Every line below between the one holding "8 Giugno 2025" and the one holding "This warm and", inclusive, should be copied exactly, and no other line.

Supplied information ->
=====
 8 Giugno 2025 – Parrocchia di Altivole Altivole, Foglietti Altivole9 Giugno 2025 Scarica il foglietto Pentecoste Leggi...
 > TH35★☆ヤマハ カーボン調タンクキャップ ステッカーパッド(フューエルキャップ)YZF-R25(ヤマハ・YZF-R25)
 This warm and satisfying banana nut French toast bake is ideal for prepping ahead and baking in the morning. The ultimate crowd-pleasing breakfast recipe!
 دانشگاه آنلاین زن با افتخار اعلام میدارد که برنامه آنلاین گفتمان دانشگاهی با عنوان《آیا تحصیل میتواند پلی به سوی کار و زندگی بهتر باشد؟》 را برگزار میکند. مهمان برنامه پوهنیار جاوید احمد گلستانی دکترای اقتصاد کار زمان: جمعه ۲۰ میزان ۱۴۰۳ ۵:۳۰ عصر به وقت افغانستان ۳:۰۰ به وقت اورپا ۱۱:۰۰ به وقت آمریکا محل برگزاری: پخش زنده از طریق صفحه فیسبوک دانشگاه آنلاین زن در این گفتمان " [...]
=====
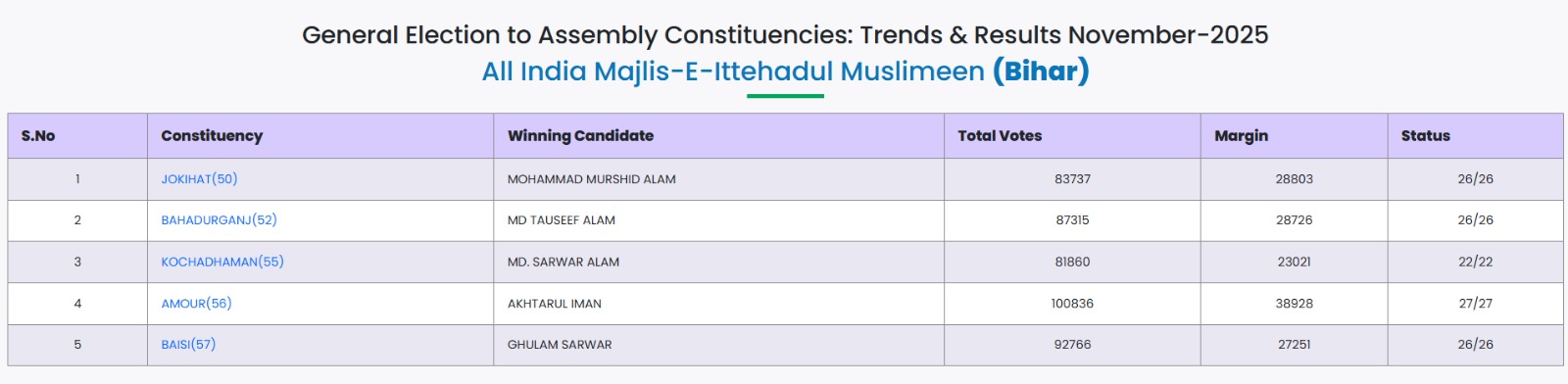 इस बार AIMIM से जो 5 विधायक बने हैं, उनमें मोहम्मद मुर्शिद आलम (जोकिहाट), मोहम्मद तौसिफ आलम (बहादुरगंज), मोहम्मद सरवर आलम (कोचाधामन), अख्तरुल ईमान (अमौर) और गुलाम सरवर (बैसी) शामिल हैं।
=====
Exercise solution ->
 8 Giugno 2025 – Parrocchia di Altivole Altivole, Foglietti Altivole9 Giugno 2025 Scarica il foglietto Pentecoste Leggi...
 > TH35★☆ヤマハ カーボン調タンクキャップ ステッカーパッド(フューエルキャップ)YZF-R25(ヤマハ・YZF-R25)
 This warm and satisfying banana nut French toast bake is ideal for prepping ahead and baking in the morning. The ultimate crowd-pleasing breakfast recipe!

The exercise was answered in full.